▶ [Work task]:
The answer is to contain only the line containing "As an example, the" and the lines after it through the last one, each reproduced exactly as it appears below.

--- Provided records Enclosed Below ---

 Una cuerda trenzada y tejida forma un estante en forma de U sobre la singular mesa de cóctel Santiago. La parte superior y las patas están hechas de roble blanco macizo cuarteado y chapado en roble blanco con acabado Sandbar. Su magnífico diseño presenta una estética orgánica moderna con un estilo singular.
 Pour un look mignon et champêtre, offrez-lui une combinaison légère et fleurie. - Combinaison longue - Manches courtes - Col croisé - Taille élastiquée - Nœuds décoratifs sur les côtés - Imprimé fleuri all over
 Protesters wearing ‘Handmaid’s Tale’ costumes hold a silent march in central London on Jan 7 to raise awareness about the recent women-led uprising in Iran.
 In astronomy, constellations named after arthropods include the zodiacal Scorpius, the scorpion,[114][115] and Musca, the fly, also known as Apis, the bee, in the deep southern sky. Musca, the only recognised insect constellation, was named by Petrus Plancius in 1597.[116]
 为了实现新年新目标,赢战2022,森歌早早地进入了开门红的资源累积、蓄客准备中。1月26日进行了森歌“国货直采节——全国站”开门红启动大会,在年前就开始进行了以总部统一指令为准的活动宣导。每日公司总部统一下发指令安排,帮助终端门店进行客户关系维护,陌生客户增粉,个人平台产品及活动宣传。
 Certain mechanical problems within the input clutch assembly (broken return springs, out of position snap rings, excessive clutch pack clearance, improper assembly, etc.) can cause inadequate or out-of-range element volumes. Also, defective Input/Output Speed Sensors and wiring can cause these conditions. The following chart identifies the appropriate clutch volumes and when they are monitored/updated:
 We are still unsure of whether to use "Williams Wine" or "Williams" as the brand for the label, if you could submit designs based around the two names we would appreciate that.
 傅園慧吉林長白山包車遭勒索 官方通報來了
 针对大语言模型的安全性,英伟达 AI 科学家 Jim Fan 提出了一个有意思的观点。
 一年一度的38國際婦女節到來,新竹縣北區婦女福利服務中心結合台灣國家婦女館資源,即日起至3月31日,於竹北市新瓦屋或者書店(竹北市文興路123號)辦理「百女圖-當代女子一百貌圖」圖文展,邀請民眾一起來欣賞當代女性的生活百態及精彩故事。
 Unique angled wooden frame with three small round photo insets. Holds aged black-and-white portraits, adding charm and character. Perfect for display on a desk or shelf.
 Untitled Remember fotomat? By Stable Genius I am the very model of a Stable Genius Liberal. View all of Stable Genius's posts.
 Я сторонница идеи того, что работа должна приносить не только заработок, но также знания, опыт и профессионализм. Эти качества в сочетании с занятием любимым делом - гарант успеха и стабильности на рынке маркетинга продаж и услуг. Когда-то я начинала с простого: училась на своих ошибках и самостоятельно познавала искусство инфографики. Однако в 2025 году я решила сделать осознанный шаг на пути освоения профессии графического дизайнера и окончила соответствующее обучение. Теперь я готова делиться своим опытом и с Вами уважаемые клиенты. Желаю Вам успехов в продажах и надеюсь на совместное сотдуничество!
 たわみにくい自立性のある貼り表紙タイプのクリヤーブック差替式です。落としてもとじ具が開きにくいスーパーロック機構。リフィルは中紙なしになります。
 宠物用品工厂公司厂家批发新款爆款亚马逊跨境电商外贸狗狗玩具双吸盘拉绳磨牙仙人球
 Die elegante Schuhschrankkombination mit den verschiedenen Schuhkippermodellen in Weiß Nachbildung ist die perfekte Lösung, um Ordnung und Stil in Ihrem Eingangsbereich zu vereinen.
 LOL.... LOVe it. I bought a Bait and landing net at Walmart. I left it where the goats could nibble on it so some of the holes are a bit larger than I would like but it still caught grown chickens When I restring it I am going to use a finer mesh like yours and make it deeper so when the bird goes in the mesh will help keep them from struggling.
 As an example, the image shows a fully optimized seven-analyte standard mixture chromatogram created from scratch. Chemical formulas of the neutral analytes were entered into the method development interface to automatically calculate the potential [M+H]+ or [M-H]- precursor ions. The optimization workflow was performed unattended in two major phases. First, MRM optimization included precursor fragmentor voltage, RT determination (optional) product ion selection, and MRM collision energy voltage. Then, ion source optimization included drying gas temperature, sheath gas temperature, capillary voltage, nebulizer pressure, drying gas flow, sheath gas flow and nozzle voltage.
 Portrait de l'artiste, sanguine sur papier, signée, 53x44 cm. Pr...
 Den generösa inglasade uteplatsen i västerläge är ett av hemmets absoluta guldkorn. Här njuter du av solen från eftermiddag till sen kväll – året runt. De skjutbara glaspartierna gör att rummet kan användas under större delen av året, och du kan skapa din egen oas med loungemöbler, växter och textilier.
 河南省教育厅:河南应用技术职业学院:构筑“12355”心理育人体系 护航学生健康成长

--- End of Enclosed Provided records ---

▶ [Task result]:
 As an example, the image shows a fully optimized seven-analyte standard mixture chromatogram created from scratch. Chemical formulas of the neutral analytes were entered into the method development interface to automatically calculate the potential [M+H]+ or [M-H]- precursor ions. The optimization workflow was performed unattended in two major phases. First, MRM optimization included precursor fragmentor voltage, RT determination (optional) product ion selection, and MRM collision energy voltage. Then, ion source optimization included drying gas temperature, sheath gas temperature, capillary voltage, nebulizer pressure, drying gas flow, sheath gas flow and nozzle voltage.
 Portrait de l'artiste, sanguine sur papier, signée, 53x44 cm. Pr...
 Den generösa inglasade uteplatsen i västerläge är ett av hemmets absoluta guldkorn. Här njuter du av solen från eftermiddag till sen kväll – året runt. De skjutbara glaspartierna gör att rummet kan användas under större delen av året, och du kan skapa din egen oas med loungemöbler, växter och textilier.
 河南省教育厅:河南应用技术职业学院:构筑“12355”心理育人体系 护航学生健康成长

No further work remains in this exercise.